A schematic view of a fuel injection system according to Example 9 is shown in Figure 15.
A fuel injection system 10i of Example 9 is a fuel injection system of a type similar to those in Examples 7 and 8.
The fuel injection system 10i of Example 9 is one for a 3-cylinder diesel internal combustion engine, which has three injectors 1 (N_I = 3), and supplies high-pressure fuel to three injectors connected in series from the pressure supply ports 2a and 2b provided in the common rail 2 having two ports {(N_P = 2 x (3/3))} through the fuel injection pipes 3a and 3b communicating with the pressure supply ports 2a and 2b, respectively.
It is to be noted that the injectors 1 used in Example 9 have a type similar to those of Example 3, and each injector has two fuel intake ports 6 and performs averaging of fuel pressures within the injector.
In the fuel injection system 10i, supply of fuel to each injector 1 is performed such that high-pressure fuels fed from two lines of a fuel supply line A where fuel flows through the pressure supply port 2a and the fuel injection pipe 3a and a fuel supply line B where fuel flows through the pressure supply port 2b and the fuel injection pipe 3b are supplied to an injector 1 from two fuel intake ports 6 thereof, and after fuel pressures of the fuels are averaged in the injector 1, they are injected into a corresponding cylinder.

A schematic view of a fuel injection system according to Example 10 is shown in Figure 16.
A fuel injection system 10j of Example 10 is one for a four-cylinder diesel internal combustion engine, which has four injectors 1 (N_I = 4), and supplies high-pressure fuel to four injectors connected in series from the pressure supply ports 2a and 2b provided in the common rail 2 having two ports {(N_P = 2 x (4/4))} through the fuel injection pipes 3a and 3b communicating with the pressure supply ports 2a and 2b, respectively.
In the fuel injection system 10j of Example 10, supply of fuel to each injector 1 is performed such that fuels are fed to a coupling connector 4 from two directions of a fuel supply line A where fuel flows through the pressure supply port 2a and the fuel injection pipe 3a and a fuel supply line B where fuel flows through the pressure supply port 2b and the fuel injection pipe 3b, and after pressures of the fuels are averaged in the coupling connector 4, the fuels are supplied to an injector 1 coupled to the coupling connector 4 by a connection nut 5 to be injected to a corresponding cylinder.
As for the injector 1, one of a type similar to that of Example 1 is used.
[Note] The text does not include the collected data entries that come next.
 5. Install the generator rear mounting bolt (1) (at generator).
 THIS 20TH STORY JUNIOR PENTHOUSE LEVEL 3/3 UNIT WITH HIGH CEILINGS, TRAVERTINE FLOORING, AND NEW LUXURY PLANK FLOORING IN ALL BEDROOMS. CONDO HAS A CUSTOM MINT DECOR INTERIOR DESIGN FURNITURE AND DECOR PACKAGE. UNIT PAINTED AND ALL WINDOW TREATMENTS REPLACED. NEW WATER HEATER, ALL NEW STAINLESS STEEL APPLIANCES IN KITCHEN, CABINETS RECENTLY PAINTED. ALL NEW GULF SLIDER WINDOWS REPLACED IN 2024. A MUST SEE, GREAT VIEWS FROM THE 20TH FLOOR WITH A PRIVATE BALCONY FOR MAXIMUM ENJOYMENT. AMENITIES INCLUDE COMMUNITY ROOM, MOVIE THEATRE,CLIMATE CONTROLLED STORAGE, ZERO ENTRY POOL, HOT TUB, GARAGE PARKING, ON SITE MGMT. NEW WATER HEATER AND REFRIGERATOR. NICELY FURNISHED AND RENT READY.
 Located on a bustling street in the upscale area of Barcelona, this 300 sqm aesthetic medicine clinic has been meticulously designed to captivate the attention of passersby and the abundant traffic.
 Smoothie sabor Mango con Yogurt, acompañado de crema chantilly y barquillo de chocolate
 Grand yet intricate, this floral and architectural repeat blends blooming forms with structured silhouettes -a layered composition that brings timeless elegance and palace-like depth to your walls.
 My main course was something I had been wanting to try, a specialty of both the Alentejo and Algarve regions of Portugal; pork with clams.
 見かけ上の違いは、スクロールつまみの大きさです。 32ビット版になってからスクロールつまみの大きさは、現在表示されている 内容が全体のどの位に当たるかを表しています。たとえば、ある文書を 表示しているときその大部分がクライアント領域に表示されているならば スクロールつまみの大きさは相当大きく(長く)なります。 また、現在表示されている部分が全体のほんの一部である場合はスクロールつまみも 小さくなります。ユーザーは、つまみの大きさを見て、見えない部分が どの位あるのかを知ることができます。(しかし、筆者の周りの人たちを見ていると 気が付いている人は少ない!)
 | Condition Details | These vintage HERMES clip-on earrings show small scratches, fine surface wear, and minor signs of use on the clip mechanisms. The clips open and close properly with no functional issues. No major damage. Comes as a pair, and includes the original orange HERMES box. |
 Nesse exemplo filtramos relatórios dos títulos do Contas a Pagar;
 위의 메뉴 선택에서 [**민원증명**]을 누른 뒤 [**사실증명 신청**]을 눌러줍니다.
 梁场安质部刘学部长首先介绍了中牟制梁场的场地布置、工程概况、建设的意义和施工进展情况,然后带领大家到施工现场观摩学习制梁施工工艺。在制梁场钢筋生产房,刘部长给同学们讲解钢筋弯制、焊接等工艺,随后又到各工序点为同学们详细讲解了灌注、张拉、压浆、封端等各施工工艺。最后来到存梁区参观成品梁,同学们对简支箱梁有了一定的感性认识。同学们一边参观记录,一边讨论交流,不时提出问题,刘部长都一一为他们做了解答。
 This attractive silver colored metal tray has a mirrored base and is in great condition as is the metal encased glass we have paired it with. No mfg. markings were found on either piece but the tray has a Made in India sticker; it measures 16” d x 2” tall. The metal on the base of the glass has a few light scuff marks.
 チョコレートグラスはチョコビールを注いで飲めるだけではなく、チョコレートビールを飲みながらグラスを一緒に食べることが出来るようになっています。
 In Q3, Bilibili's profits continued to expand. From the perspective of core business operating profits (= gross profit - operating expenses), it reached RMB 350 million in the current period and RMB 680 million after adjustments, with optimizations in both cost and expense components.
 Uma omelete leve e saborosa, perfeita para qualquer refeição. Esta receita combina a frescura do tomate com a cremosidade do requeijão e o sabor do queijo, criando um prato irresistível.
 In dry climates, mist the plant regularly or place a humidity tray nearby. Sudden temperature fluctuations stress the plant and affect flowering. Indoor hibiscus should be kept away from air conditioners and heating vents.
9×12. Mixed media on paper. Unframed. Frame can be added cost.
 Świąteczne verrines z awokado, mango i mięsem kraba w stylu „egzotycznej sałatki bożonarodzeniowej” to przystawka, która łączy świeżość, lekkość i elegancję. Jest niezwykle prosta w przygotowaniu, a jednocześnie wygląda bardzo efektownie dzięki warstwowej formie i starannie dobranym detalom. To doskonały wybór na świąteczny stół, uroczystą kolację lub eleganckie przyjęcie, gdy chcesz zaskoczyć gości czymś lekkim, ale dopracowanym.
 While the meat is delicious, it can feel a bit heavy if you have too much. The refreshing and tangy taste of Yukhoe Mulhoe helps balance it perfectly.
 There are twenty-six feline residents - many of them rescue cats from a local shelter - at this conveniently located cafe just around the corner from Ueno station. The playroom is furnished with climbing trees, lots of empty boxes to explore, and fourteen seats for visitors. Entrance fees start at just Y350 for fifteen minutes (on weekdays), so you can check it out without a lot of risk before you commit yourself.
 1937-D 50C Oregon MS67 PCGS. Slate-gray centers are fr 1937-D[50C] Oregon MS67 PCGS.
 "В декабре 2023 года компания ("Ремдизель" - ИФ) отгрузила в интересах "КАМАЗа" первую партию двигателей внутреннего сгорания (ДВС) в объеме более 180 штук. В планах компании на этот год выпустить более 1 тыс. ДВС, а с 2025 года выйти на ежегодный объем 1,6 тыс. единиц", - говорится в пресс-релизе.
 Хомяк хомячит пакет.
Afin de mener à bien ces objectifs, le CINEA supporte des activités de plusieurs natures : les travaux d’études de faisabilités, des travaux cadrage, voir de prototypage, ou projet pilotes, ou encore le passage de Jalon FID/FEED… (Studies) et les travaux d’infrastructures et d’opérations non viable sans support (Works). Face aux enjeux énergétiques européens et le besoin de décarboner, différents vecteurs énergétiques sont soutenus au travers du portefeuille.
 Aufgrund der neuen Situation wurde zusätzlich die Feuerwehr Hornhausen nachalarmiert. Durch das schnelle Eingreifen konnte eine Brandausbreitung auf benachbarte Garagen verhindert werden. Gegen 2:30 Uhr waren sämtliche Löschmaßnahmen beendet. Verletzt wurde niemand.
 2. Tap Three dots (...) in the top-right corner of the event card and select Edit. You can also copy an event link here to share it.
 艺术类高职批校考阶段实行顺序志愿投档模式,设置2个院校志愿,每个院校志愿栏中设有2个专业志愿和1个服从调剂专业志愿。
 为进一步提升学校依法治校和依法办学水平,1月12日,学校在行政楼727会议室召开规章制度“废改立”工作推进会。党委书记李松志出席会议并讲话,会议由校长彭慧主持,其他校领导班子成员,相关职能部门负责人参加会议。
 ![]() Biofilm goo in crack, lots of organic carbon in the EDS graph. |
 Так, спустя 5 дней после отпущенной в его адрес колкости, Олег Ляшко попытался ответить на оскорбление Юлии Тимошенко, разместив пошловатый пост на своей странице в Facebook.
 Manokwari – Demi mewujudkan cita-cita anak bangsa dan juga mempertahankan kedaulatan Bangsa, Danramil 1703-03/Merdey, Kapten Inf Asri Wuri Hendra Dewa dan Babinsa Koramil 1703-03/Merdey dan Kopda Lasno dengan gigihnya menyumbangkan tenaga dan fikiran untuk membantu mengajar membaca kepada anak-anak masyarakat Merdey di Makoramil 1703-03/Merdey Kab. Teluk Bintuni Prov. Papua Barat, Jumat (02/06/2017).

A schematic view of a fuel injection system of Example 11 is shown in Fig. 17.
A fuel injection system 10k of Example 11 is a fuel injection system of a type similar to that of Example 10.
TThis system 10k is one for a four-cylinder diesel internal combustion engine, which has four injectors 1 (N_I = 4), and supplies high-pressure fuel to four injectors connected in series from the pressure supply ports 2a and 2b provided in the common rail 2 having two ports {(N_P = 2 x (4/4))} through the fuel injection pipes 3a and 3b communicating with the pressure supply ports 2a and 2b, respectively.
In the fuel injection system 10k of Example 11, supply of fuel to each injector 1 is performed such that fuels which are fed to a coupling connector 4 from two directions of a fuel supply line A where fuel flows through the pressure supply port 2a and the fuel injection pipe 3a and a fuel supply line B where fuel flows through the pressure supply port 2b and the fuel injection pipe 3b, and after pressures of the fuels are averaged in the coupling connector 4, the fuels are supplied to an injector 1 coupled to the coupling connector 4 through a fuel injection pipe 3 to be injected to a corresponding cylinder.
As for the injector 1, one of a type similar to that of Example 2 is used.

A schematic view of fuel injection system of Example 12 is shown in Fig. 18.
A fuel injection system 101 of Example 12 is a fuel injection system of a type similar to that of Example 10.
The fuel injection system 10k of Example 11 is one for a four-cylinder diesel internal combustion engine, which has four injectors 1 (N_I = 4), and supplies high-pressure fuel to four injectors 1 connected in series from the pressure supply ports 2a and 2b provided in the common rail 2 having two ports {(N_P = 2 x (4/4))} through the fuel injection pipes 3a and 3b communicating with the pressure supply ports 2a and 2b, respectively.
It should be noted that the injectors 1 used in Example 12 have a type similar to those of Example 3, and each injector has two fuel intake ports 6 and performs averaging of fuel within the injector.
In the fuel injection system 101 of Example 12, supply of fuel to each injector 1 is performed such that high-pressure fuels which have been fed from two directions of a fuel supply line A where fuel flows through the pressure supply port 2a and the fuel injection pipe 3a and a fuel supply line B where fuel flows through the pressure supply port 2b and the fuel injection pipe 3b are supplied through two fuel intake ports 6 into an injector 1, and after fuels pressures are averaged in the injector 1, they are injected into a corresponding cylinder.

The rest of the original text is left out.